Paul had a banking career and Lisa worked in sales and design before they both decided to start building homes. In Paul’s words, “I just decided I wanted there to be tangible evidence we existed one day.”
Host: Today we are speaking with Paul and Lisa Scarmazzi of Scarmazzi Homes outside of Pittsburgh, Pennsylvania. Paul and Lisa, I’d like to talk to you about your transition. What led you to becoming a home builder?
Paul Scarmazzi: For both of us, it was actually different things. I had been in a banking career and had financed a lot of large projects and was an integral cog to making, creating some of the projects, but I didn’t feel really connected to them.
My favorite part of financing was construction financing, and my favorite part of that was when I had the opportunity to go out in the field and smell the sawdust and seeing sites worked on. At some point in time, I just decided I wanted there to be tangible evidence we existed one day.

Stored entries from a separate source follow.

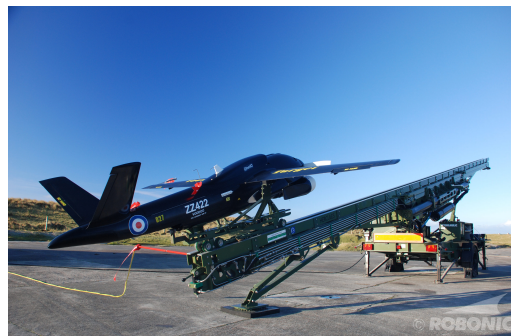
Рис. 2. Беспилотный летательный аппарат «Hermes 450» на направляющей пусковой установке финской фирмы Robonic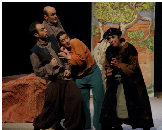
Les Enragés de Sassoun, 2016

La compagnie a développé son univers artistique au fil de ses créations. La mise en scène est stylisée et s'attache au visuel avec des personnages très dessinés. Le corps parle avant les mots et la suggestion emporte l'imagination du spectateur.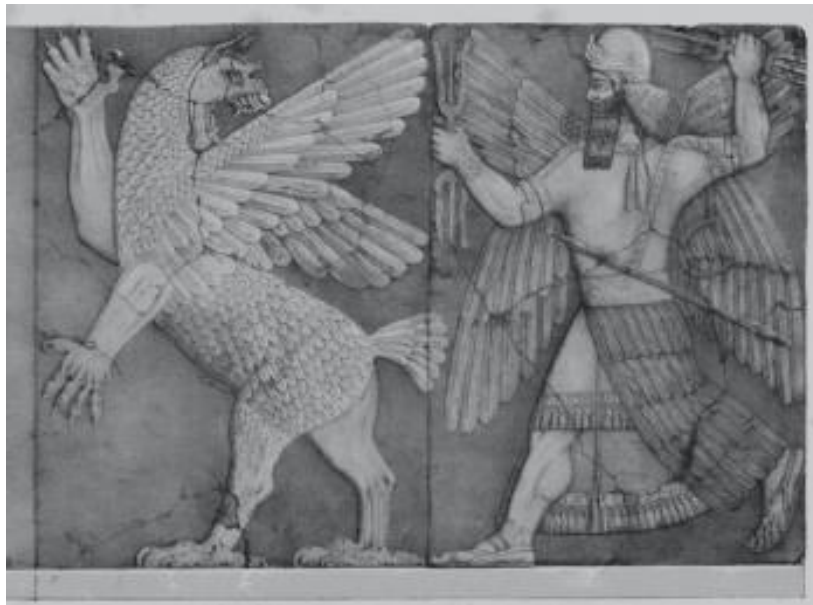
Fig. 5. "Ninurta lucha y derrota a Zu, el águila con cabeza de león, es decir, el grifo ".

En segundo lugar, ¿quién es Zu? En el viejo mito, Zu es representado como un gigantesco ser pájaro [14] , que puede respirar fuego y agua, lo que me parece interesante, hablamos antes sobre la Tribu Pájaro, y de cómo la gente de Lucifer es asociada principalmente con los pájaros y el agua (seres acuáticos). Zu también es a veces visto como un águila con cabeza de león (un "grifo"). [15] Esto lo podemos ver representado en un antiguo artefacto. En la fig. 5 de abajo, podemos ver a Ninurta luchar y derrotar a Zu, el águila con cabeza de león, es decir, el grifo .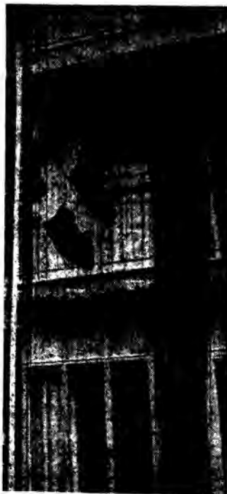
Τό 4ο Δ.Σ. Σταυρουπόλεως στεγάζεται σέ τριώροφη πολυκατοικία.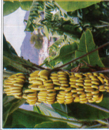
කෙසෙල් කැන් ඉදවීම வாழையும் பழுத்தல் - Ripening of Bananas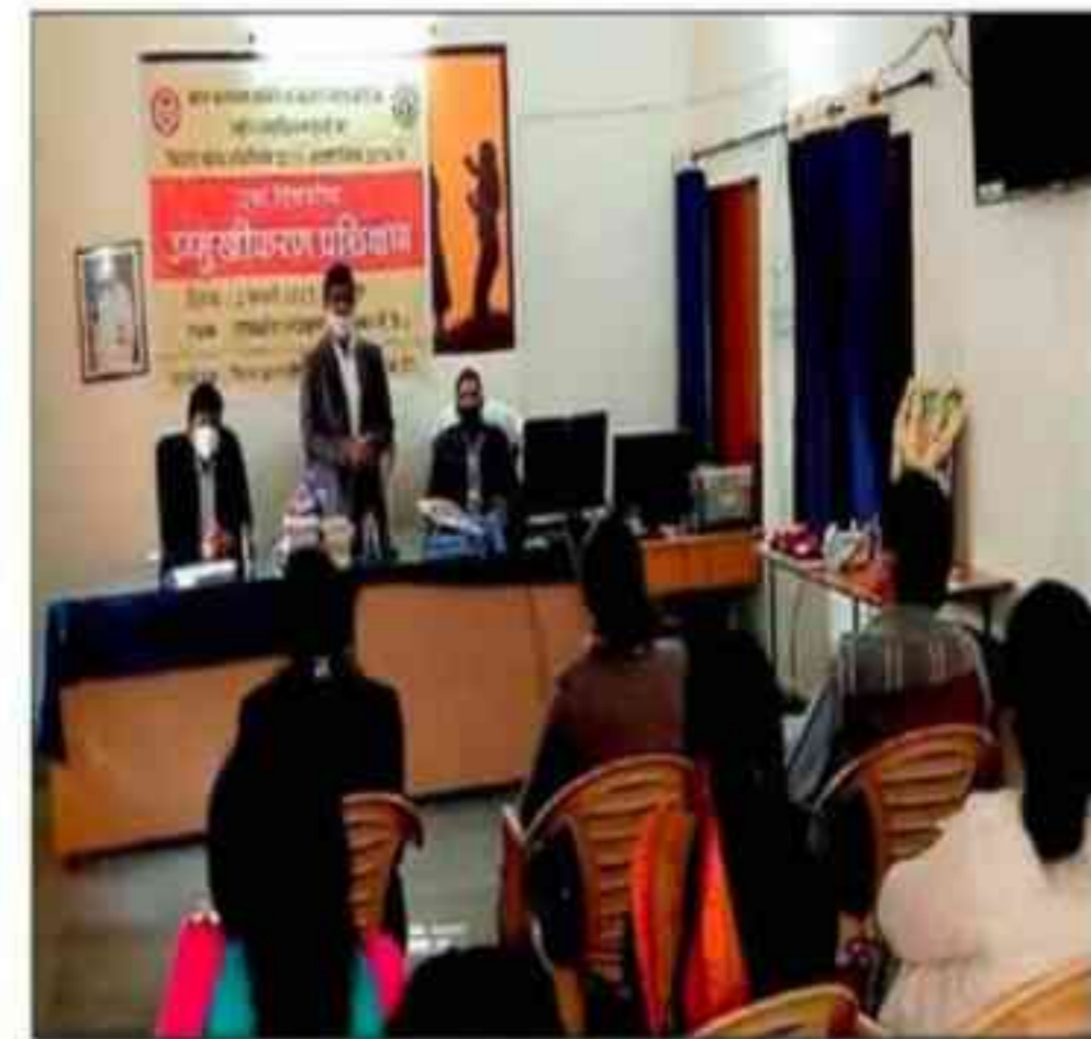
प्रशिक्षण में उपस्थित सदस्यगण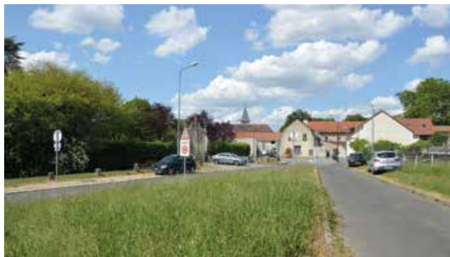
Rue Roger-Clavier, 19 places de stationnement sont créées à proximité de la salle des familles et du centre de loisirs.

Chaque jour, des dizaines de véhicules empruntent la rue Roger-Clavier. Voitures, bus et vélos se pressent dans cette ancienne route étroite qui traverse le quartier du Village. A proximité de la passerelle, les places de parking y sont insuffisantes et le station-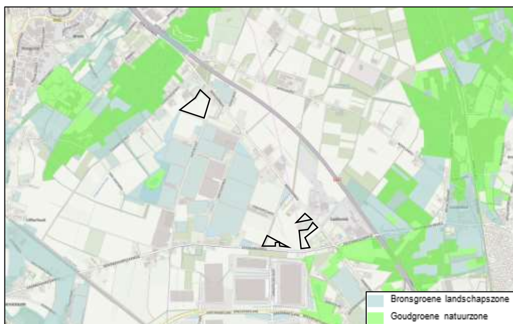
Figuur 5. Ligging plangebieden (zwarte figuren) ten opzichte van het dichtstbijzijnde gebied dat is aangewezen als beschermd gebied (bron: https://www.polviewer.nl/ )

De ligging van het natuurnetwerk in Limburg is opgenomen in het Provinciale Omgevingsplan Limburg 2014 (Geconsolideerde versie Omgevingsverordening Limburg 2014 (GC05) 2018-02-23, geconsolideerd (NL.IMRO.9931.GCVOOmgeving2014-GC05)). Zoals blijkt uit het POL 2014 maakt het plangebied geel deel uit van de goudgroene natuurzone (NNN). De ligging van de goudgroene natuurzone ten opzichte van het totale plangebied is weergegeven in figuur 5. En de ligging van de beoogde PV-velden ten opzichte van het beschermd gebied is weergegeven in figuren 6 en 7 op de volgende pagina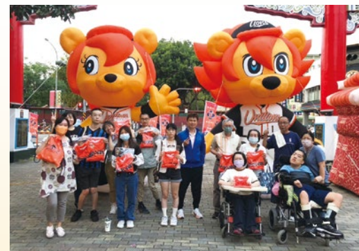
圖 22. 資源教室 VS 體育室戶外教學「觀看職棒比賽」。

Also, fortunately, in my banking career I had the opportunity to work with Phil and Ed. I marveled at the business that they had set up. Both the discipline to organize the business and the fundamentals, the very sound, rock‑solid fundamentals that their business was founded on.
I continued to follow them along in my career and I came home one day and I said to my wife, “What do you think if we borrow a lot of money and start building houses?” and she was all in. From Lisa’s background, she worked for two Fortune 500 companies in sales, and really didn’t like it. She really just didn’t like the sales gig.
She went back to school, she got a design degree, and she had her own business. She had a design business. But it was also one that it was a very lonely business, because she was in it by herself, and design’s such a finicky world of, what are the customers’ expectations and how do you try to fulfill those or exceed them?
It was a nice marriage between the two of us, both literally and figuratively. We started about 16 years ago into the business with Epcon as our backbone and structure.
Host: Was it what you were expecting starting off in home building?
Paul: I think that as I’ve grown personally and professionally over the years, I’ve finally come to realize I’m not probably the prototypical entrepreneur, in that I like structure. I think that is one of the very, very significant benefits that we’ve seen in partnering with Epcon is that the homebuilding business is still the wild west unless you’re one of the large corporate publics that have process and procedure for everything.
We’re part of a family where they really have got it down. Both to know what they do and who they are and then how to execute that. Those systems are very key to me. Yes, it was not what I expected and more than I expected.
When you come into a business where you start with land development and there are a lot of unknowns and there are a lot of surprises to customers, if we talk about exceeding expectations. You need to set them first. You need to have standards.
We’ve learned a lot and the good news is we learn something every day when we wake up. But it’s really nice to have a fallback corporate structure, if you will, almost. That’s from my perspective, and getting into the business and over our years of experience.
Host: So Paul, did Epcon provide the type of structure that you needed?
Paul: Yeah, for sure. I think that it kept us out of harm’s way, frankly. Because we’d be probably our biggest challenge. Because we both sometimes follow shiny objects. You maybe want to build bigger or better or what you think versus having the discipline of market research, understanding what your customers want, and then creating something that really meets or beats the market.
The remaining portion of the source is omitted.